= Alakhai Bekhi =

Daughter of Chinggis Khan

Alakhai Bekhi (Alagai Bäki; c. 1191 – after 1230) was the third daughter of Genghis Khan and his first wife Börte. She acted as Regent of the territories in China proper conquered by her father after he withdrew to the Mongolian Plateau in 1215.

== Life ==
In 1206, the Ongud allies of Genghis Khan attended his great Kurultai and brought gifts from their lands. In recognition of their loyalty, Alakhai was betrothed to a relative, perhaps the son, of Alaqush of the Ongud. When she was about sixteen years old, she went south of the Gobi Desert, where the Ongud lived a semi-nomad life. This gave Genghis Khan a foothold beyond the Gobi Desert, where many sedentary kingdoms of large populations were located. Alakhai Beki supplied the Mongols with horses and provisions, whenever they came south.

In 1211, the Ongud revolted against Alakhai and tried to kill her. She managed to escape, but her husband and other supporters were killed. She took two of her stepsons with her to the Mongol army. Genghis Khan then sent part of his army with her and the revolt was suppressed. Though Genghis planned on the widescale killing of male Onguds in retaliation, Alakhai persuaded him to only punish the murderers of her husband. After that Alakhai married her stepson Jingue and the Ongud remained loyal to her and Genghis Khan.

She was also left in charge of the territories in China proper conquered by her father after he withdrew back to the Mongolian Plateau in 1215. He gave her the title "Princess Who Runs the State". She regularly dispatched troops to aid her father in campaigns.

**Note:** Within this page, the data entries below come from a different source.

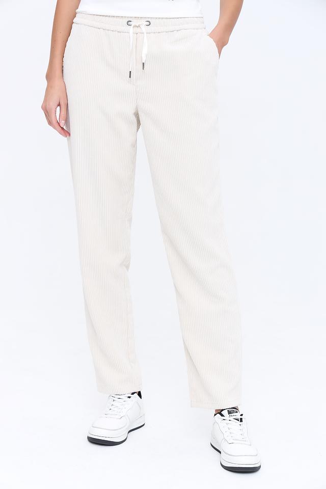 Брюки имеют прямой крой и стандартную посадку по талии. Застежка на молнию и пуговицу, а также шнурок на талии позволяют регулировать облегание. Модель дополнена боковыми карманами.
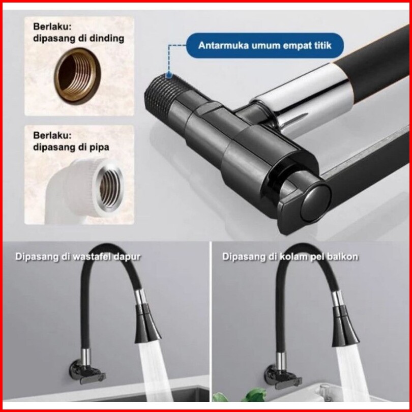 Sus 304 Kran Angsa Tembok Fleksibel Kran Cuci Piring Hitam Kran Angsa Kran Dapur Kran Wastafel 2 Model
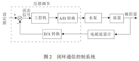 通信控制系統(tǒng)由工控機(jī)、變頻器、水泵、數(shù)據(jù)采集卡、化工污水流量計等組成。在整個熱量表耐久性試驗(yàn)裝置中,化工污水流量計與被試驗(yàn)熱量表串聯(lián)在試驗(yàn)管路中。系統(tǒng)設(shè)定流量值 qs,通過工控機(jī)發(fā)送信號給變頻器,來控制水泵運(yùn)轉(zhuǎn),系統(tǒng)通過研華數(shù)據(jù)采集卡 PCI1711 將采集到的化工污水流量計當(dāng)前瞬時流量值反饋給工控機(jī),工控機(jī)將返回流量值與設(shè)定流量值qs進(jìn)行比較,從而確定是否需要重新調(diào)整變頻器頻率控制水泵轉(zhuǎn)速。此過程是一個完整的閉環(huán) PID 控制過程,其閉環(huán)控制過程如圖 2 所示。 2. 2 管路切換系統(tǒng)管路切換主要由冷熱水箱、水泵、開關(guān)閥等組成。要實(shí)現(xiàn)熱量表耐久性 4000 次冷熱沖擊試驗(yàn),需要實(shí)時控制管路中熱水與冷水的交替使用。
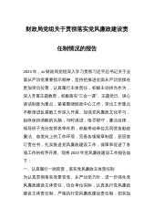 财政局党组关于贯彻落实党风廉政建设责任制情况的报告2023年,xx财政局党组深入学习贯彻习近平总书记关于全面从严治党重要指示精神,坚持把推进全面从严治党摆在更加突出位置,认真履行主体责任,积极主动担当作为,深入开展主题教育,积极落实“三会一课”、主题党日、谈心谈话制度为重点,紧紧围绕财政中心工作,突出工作重点不断推进反腐败工作深入开展。加强党风廉政文化学习,始终保持清醒的头脑,与时俱进,恪尽职守,廉洁自律,领导班子充分发挥表率作用,积极带动单位共同营造勤政廉洁、奋发向上的工作环境,完善各项规章制度,层层签订责任书,扎实推进党风廉政建设工作,保障和促进了各项工作的有序开展。现将2023年党风廉政...
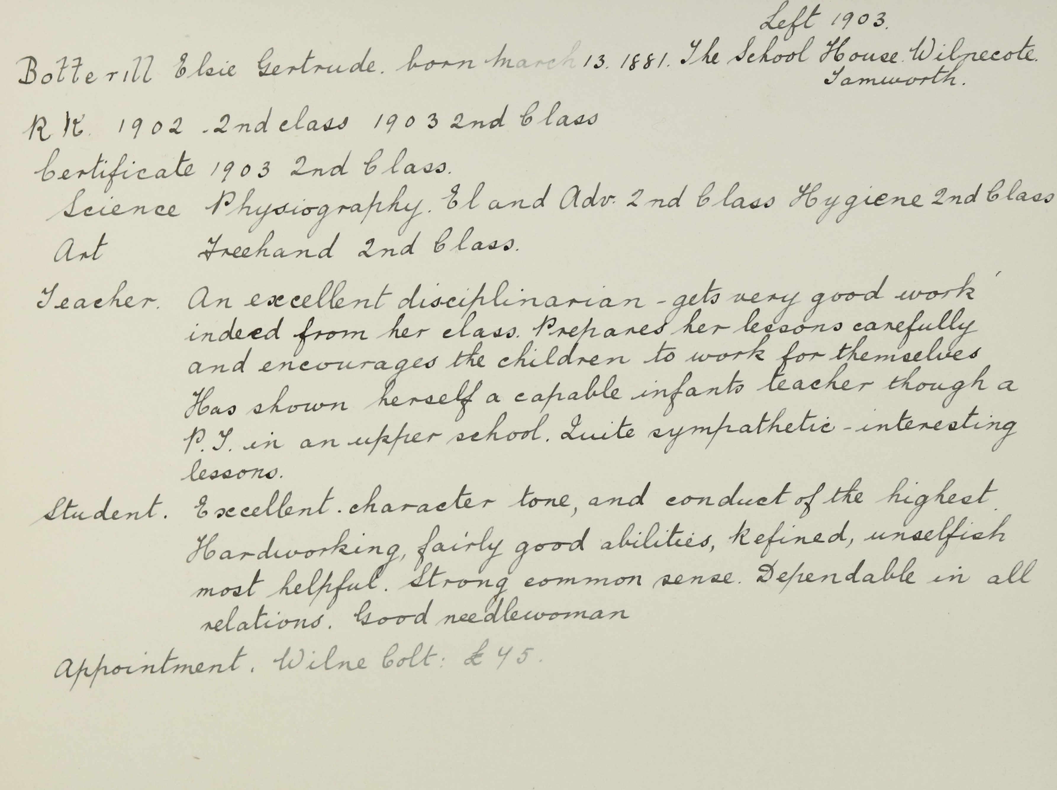 She is at School House, Hockley Road, Wilnecote, Tamworth. Her father is listed as ‘Schoolmaster’. Her mother is listed as ‘Schoolmistress’. Her sister, Constance, is listed as ‘Pupil Teacher’. Elsie is unlisted. There is a servant, Selina Bird (b. 1874).
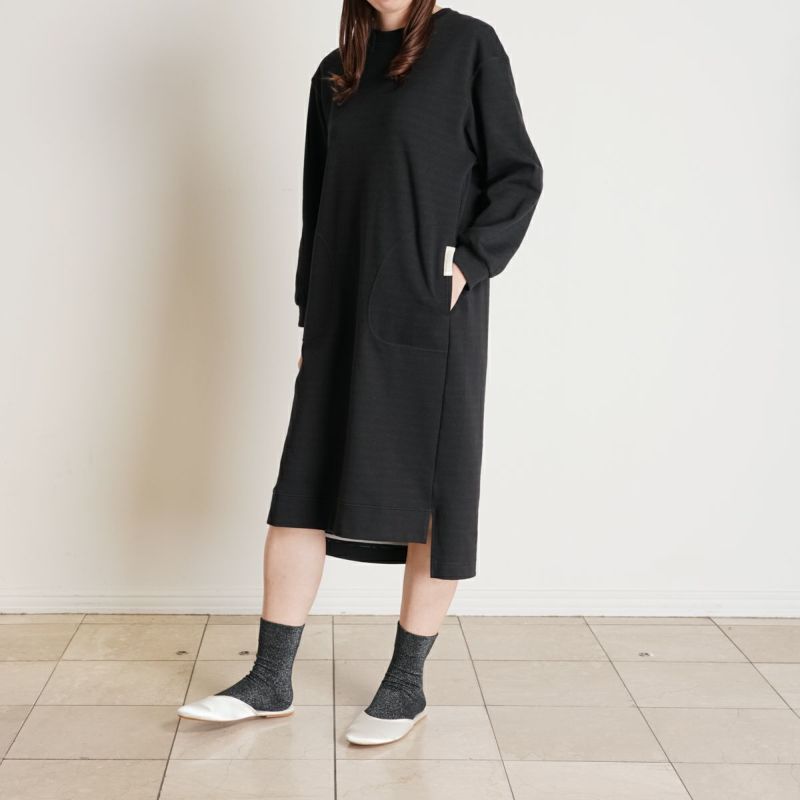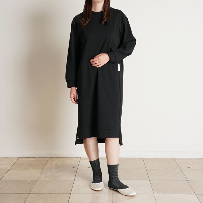 ポケットのステッチがポイントのワンピース。前後身頃で差を出しさりげなく見える裏側のボーダーをアクセントに。ブランドロゴがプリントされたブランドネーム付き。 ※スパッツは付属しておりません。
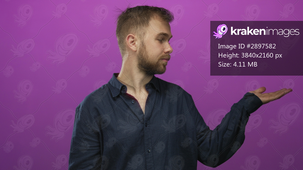 Young man showing open palm and raised hand gesture as if presenting an object in a studio with purple backdrop; skepticism.
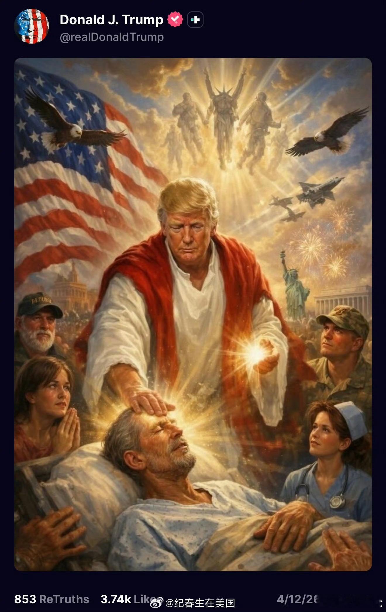 特朗普因为发自己化身耶稣的ai照片而饱受攻击,又有网友制作图片来救他。特朗普称对伊朗战争结束伊朗美伊以冲突
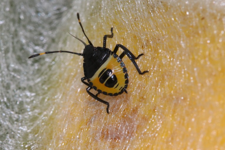 For the April Bug-a-log I decided to attack the true bug, shield bug, family (and one attacked me). They may also, far less nobly, be called stink bugs, because of their ability to squirt foul-smelling liquid. My reports on shield bugs are necessarily incomplete as I didn’t find the nymph forms (except for Bronze Orange Bug). Even if I did, unless I saw the young bugs with the adults I probably wouldn’t be able to give a definitive id. Nymph forms can look very different from the adults and even different stages (instars) of the nymph often look quite different to each other. I saw the shield bug nymph (pictured) on our lemonade tree but I have no idea what, if any, of the shield bugs listed it belongs to. Another lesson to be learned this month was that while single observations don’t lie they don’t tell the whole truth. The Glossy Shield Bug, The Gum tree shield Bug and the Australasian Green Shield Bug, I saw, either exhibited non-typical behaviour or were on non-typical host plants. But I have said it before I love that insect identification and behaviour is full of surprises and unknowns. Also it possibly tells me that bugs that a very rare in my yard probably don’t have a good food source (such as host plant) and don’t breed – they are only casual visitors.

In 1212, after Jingue's death, she married Boyaohe, another stepson. They had a son named Negudei and Chakhu. Negudei died in battle in the 1230s. She then worked to promote the interests of her grandchildren by arranging marriages for them to women of the Borjigin clan.

Alakhai promoted literacy and, according to a Chinese envoy, read daily. Medicine and religious texts in particular held her interest. Alakhai had a nephew named Mongke.